Description qui contraste singulièrement avec l'expérience de Milgram décrite dans l'Express :

«(...) Jean-Paul doit mémoriser des associations de mots. S'il se trompe, son questionneur lui administrera des chocs électriques de plus en plus violents, de 20 à 460 volts.

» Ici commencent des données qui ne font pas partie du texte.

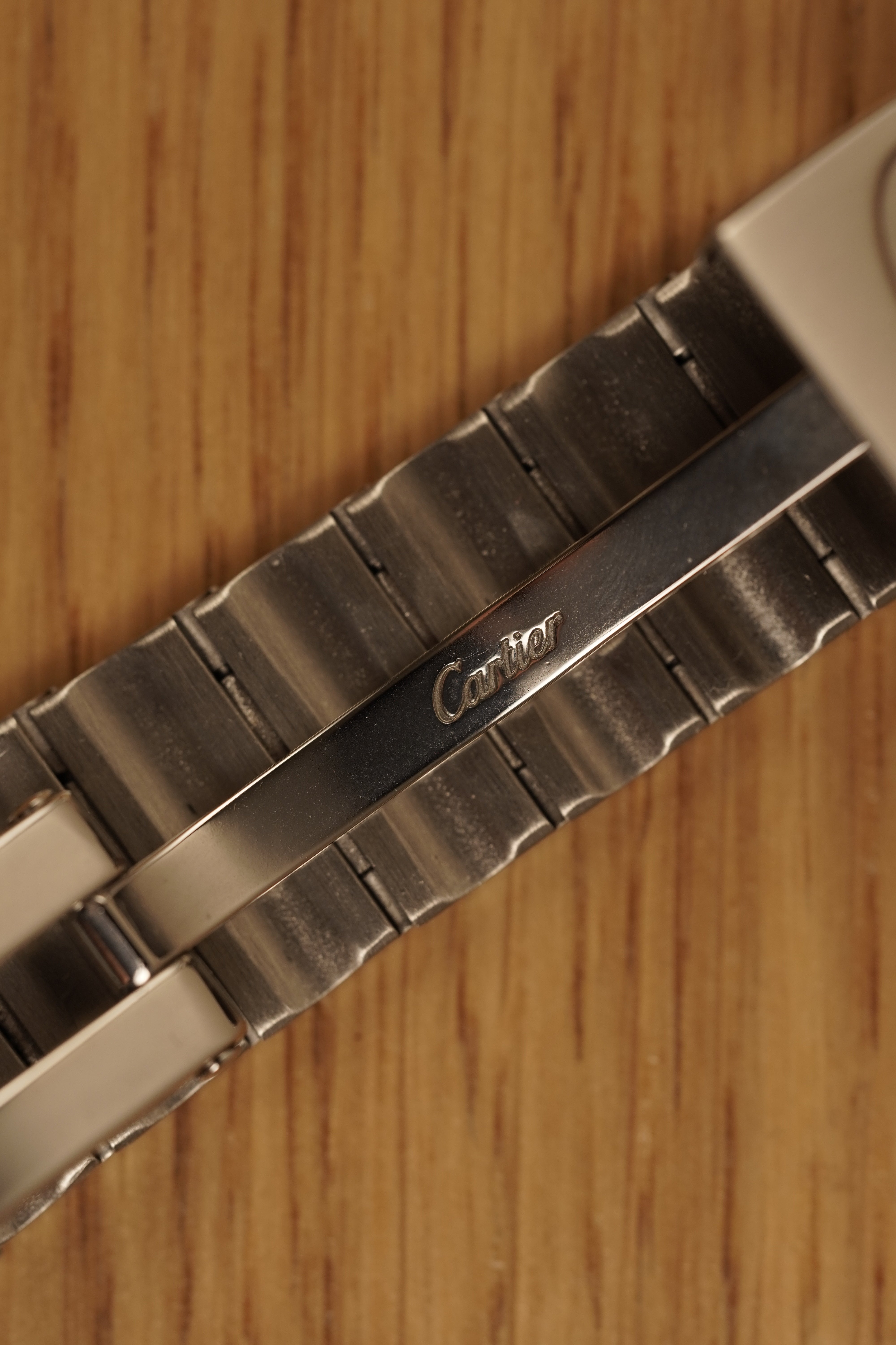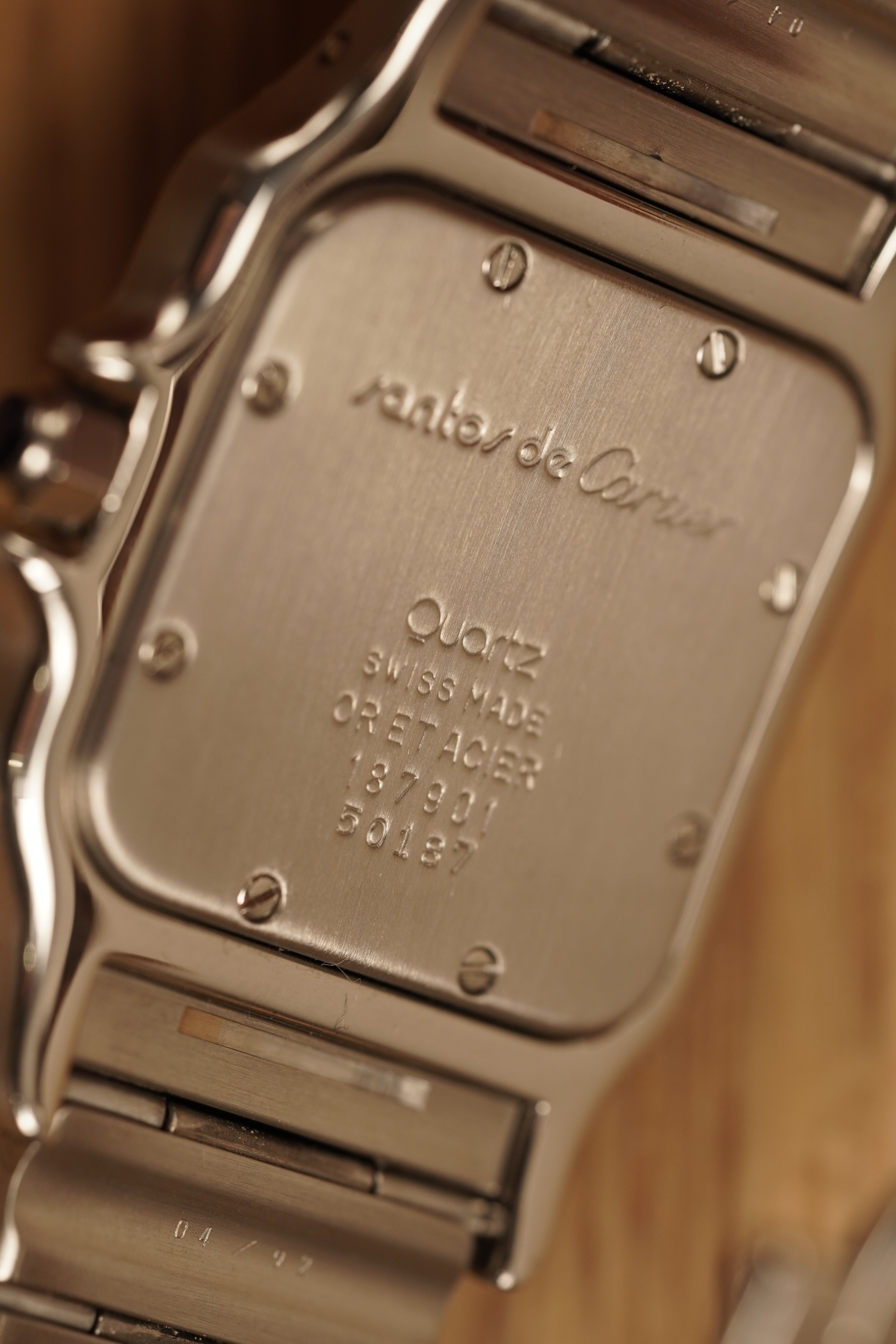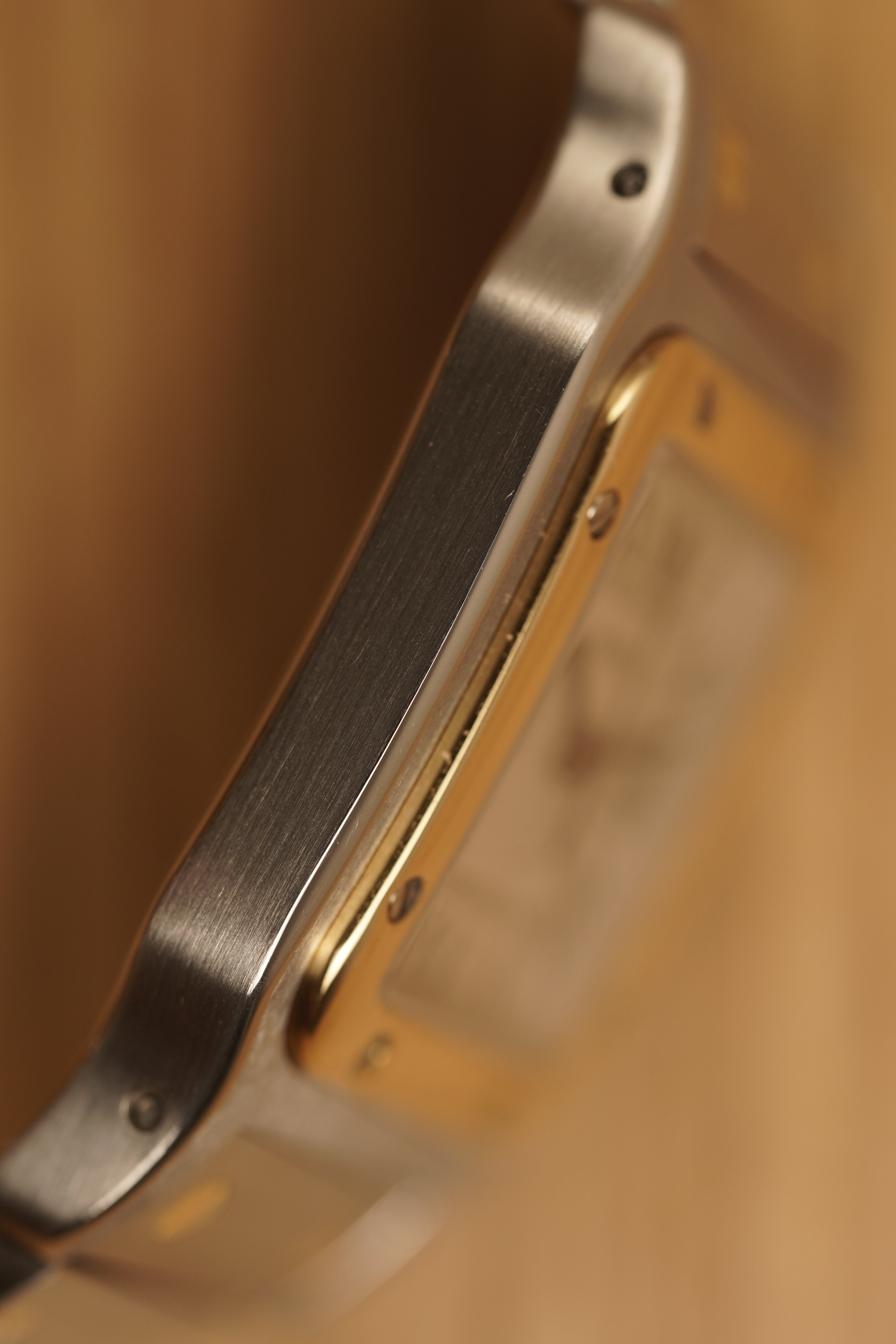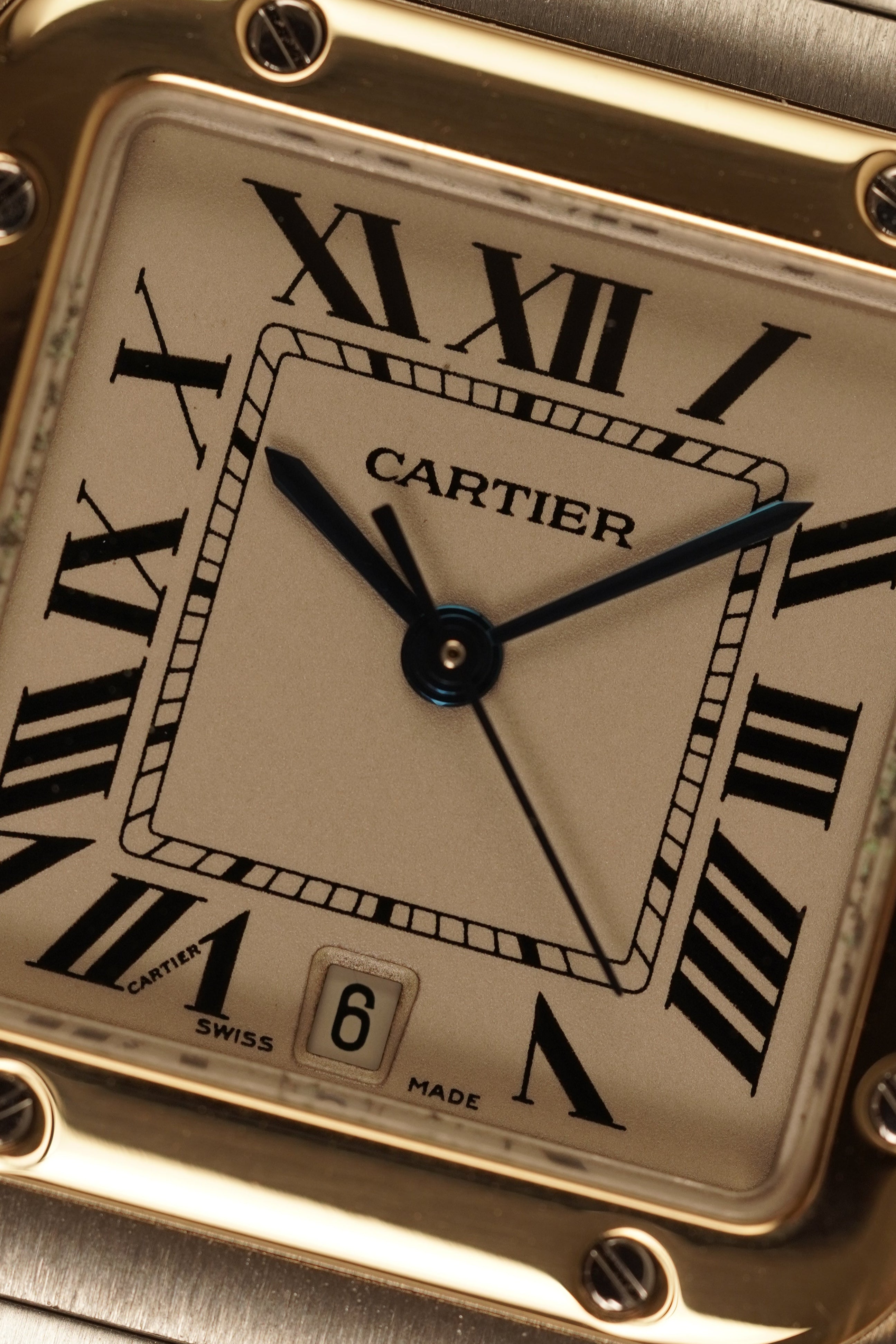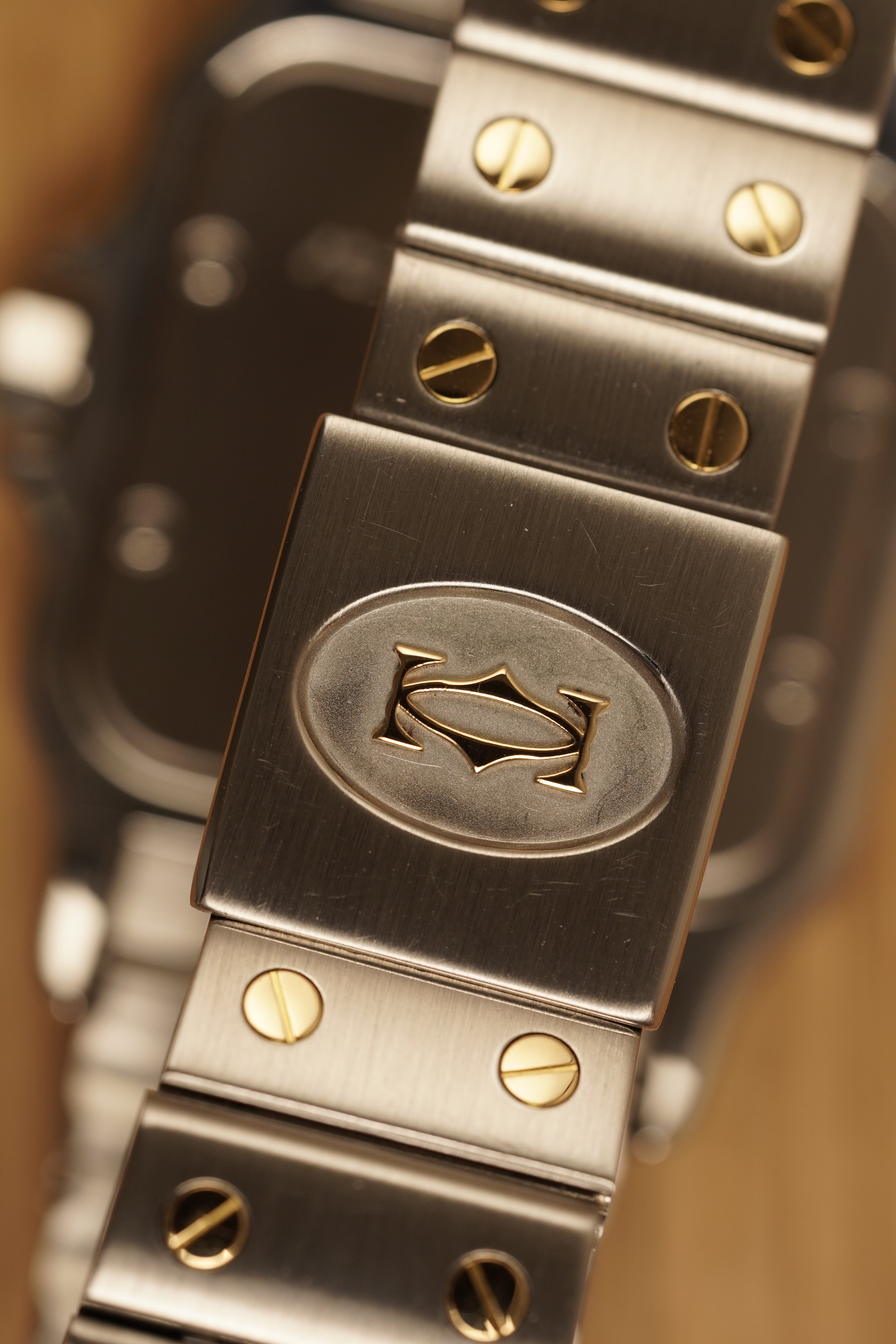 La Cartier Santos or/acier référence 187901 appartient à la ligne Santos Galbée, évolution lancée dans les années 1980 du modèle créé par Louis Cartier en 1904 pour l’aviateur Alberto Santos-Dumont. Cette version bicolore associe l’acier et l’or jaune, avec un boîtier de 29 × 41 mm. Animée par un mouvement à quartz, elle arbore un cadran clair avec chiffres romains noirs et des aiguilles bleuies. Son bracelet intégré, caractérisé par ses vis apparentes, est équipé d’un fermoir signé du double C de Cartier, gage d’authenticité et de finition soignée. Cette référence incarne une interprétation élégante et intemporelle de la Santos, devenue l’un des modèles emblématiques de Cartier.

Stupeur : la totalité des 80 candidats ont accepté de participer, donc d'administrer des décharges électriques à un inconnu pour les besoins d'un show sans enjeu (...)» !

Si on ne peut pas confronter aussi simplement l'empathie, à la compétition et à l'agressivité qu'elle suppose, dans la mesure où c'est aussi sur la capacité à ressentir les émotions d'autrui que se fondent la cruauté et la torture, il n'en reste pas moins que la reconnaissance de l'autre dans ses besoins et difficultés, le respect réel et la solidarité non feinte restent une nécessité absolue pour éviter la crise sociale qui vient. La question est alors de tenir le choc et de se risquer à l'insoumission, le «hors-Monoforme».



*(Editions Homnisphères . 2004 . 272 pages. Collection Savoirs Autonomes - Format 11x19cm. Prix : 19 euros. Traduit de l'anglais par Patrick Watkins. À noter en fin d'ouvrage une biofilmographie exhaustive qui retrace très précisément le parcours cinématographique de Watkins en résonnance avec l'actualité historique de l'époque.)

** (Editions Les liens qui libèrent, 2010, 392 p., 22,50 euros.)